Besides, let’s not forget that Bitcoin’s blockchain is constantly evolving, and its latest developments have enabled it to also host NFTs and just handle cryptocurrency transfers. Therefore, the activity on the network is enhanced, translating into higher fees that users pay to complete a transaction. And with the fee volume increasing, miners are likely to earn more money for contributing to the network.
Obviously, there are no certainties regarding what will happen when Bitcoin finally reaches its supply limit but given that there are still many years left until that time, miners can prepare effectively to ensure they will be on the safe side. It’s worth noting that even if the mining rewards cease at some point, the crypto realm is dynamic, meaning that new solutions emerge constantly. As a result, the post-reward era will likely become more efficient for every network participant.
Altering Bitcoin’s supply cap: is it possible?

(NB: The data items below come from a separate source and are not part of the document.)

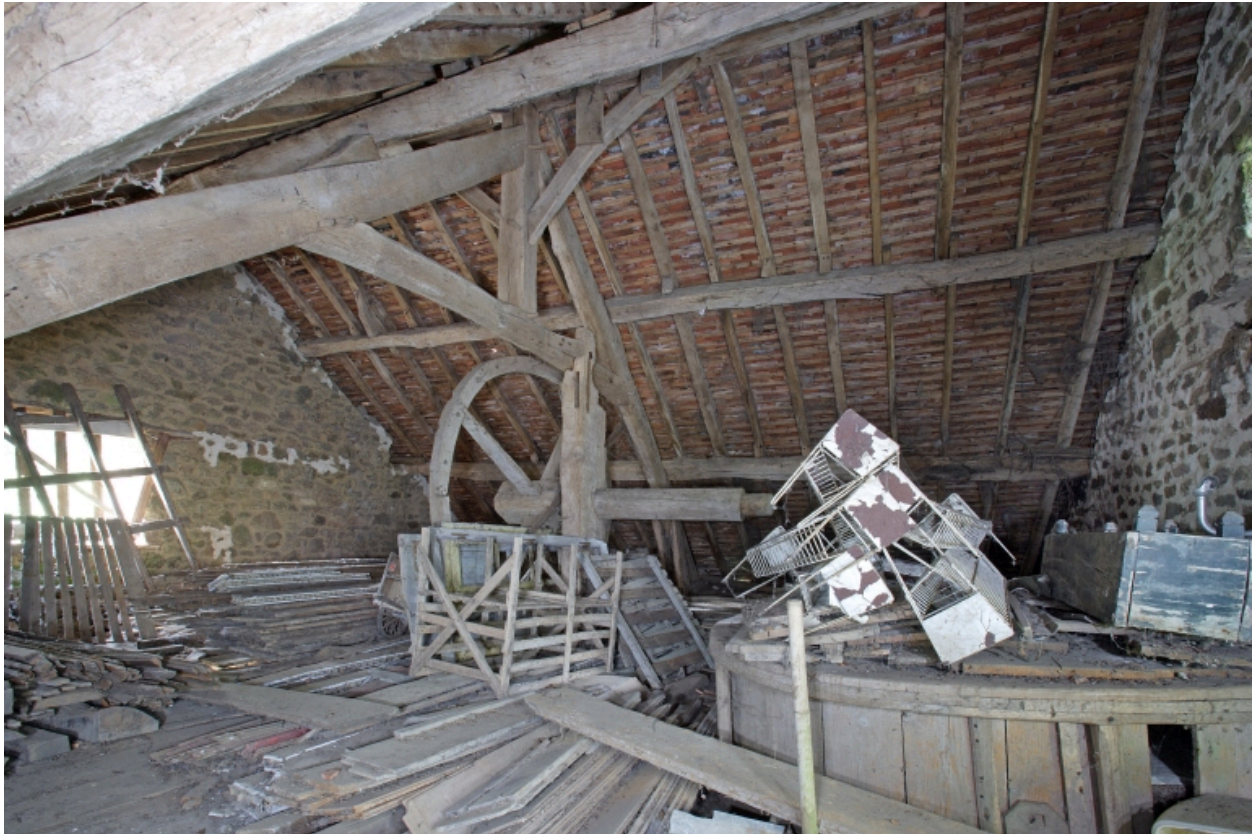
Le moulin à farine sur la Mayenne : le comble vu depuis le nord-est. Au premier plan, les meules dans leurs archures.
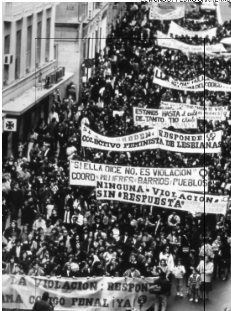
Madrid, 1989. Las mujeres exigen la modificación del Código Penal.
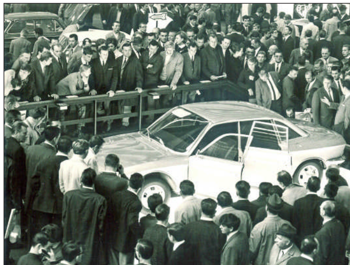
1967 auf der IAA in Frankfurt Mittelpunkt des Interesses: Noch im gleichen Jahr wurde der Ro 80 zum „Auto des Jahres“ gewählt

Besucher der Ausstellung „Revolution - 50 Jahre NSU Ro 80“ sehen neben den Exponaten zur Modell-Entwicklung verschiedene Varianten dieses Autos. Ausgestellt sind unter anderem der älteste Ro 80 in Originalzustand, der private Ro 80 von Felix Wankel, Design-Studi-

Although some Bitcoin critics see it as just open-source software, the truth is that the Bitcoin network is stronger than it seems. Although it may seem like the supply cap of the asset could be altered by changing its functional code, in practice, this is incredibly difficult to achieve, if not impossible.
Bitcoin’s hard cap is safeguarded by its governance model, as well as its incentive, making it resistant to any potential changes. So, those wishing to alter it in any way can’t have any control over the network due to its strong rules.
The bottom line
Bitcoin has had a remarkable journey since it was first introduced. Despite the massive volatility it has faced, the asset succeeded in recovering every time, proving its resilience and its potential and impacting how people perceive assets in the digital age. Although Bitcoin has many excellent features, it is its capped supply that makes it different from the rest of the cryptocurrencies in the market, making it a valuable asset in the long run.
With the next halving event approaching gradually, it’s worth taking the time to understand what Bitcoin’s finite supply really means for the crypto market. As highlighted in the article, there are many implications that everyone engaged in the crypto space should keep in mind.
While it’s hard to forecast with precision what will happen to Bitcoin once all the 21 million coins are mined, the leading cryptocurrency seems to have a bright future, so it’s worth keeping an eye on the trends to see what happens next.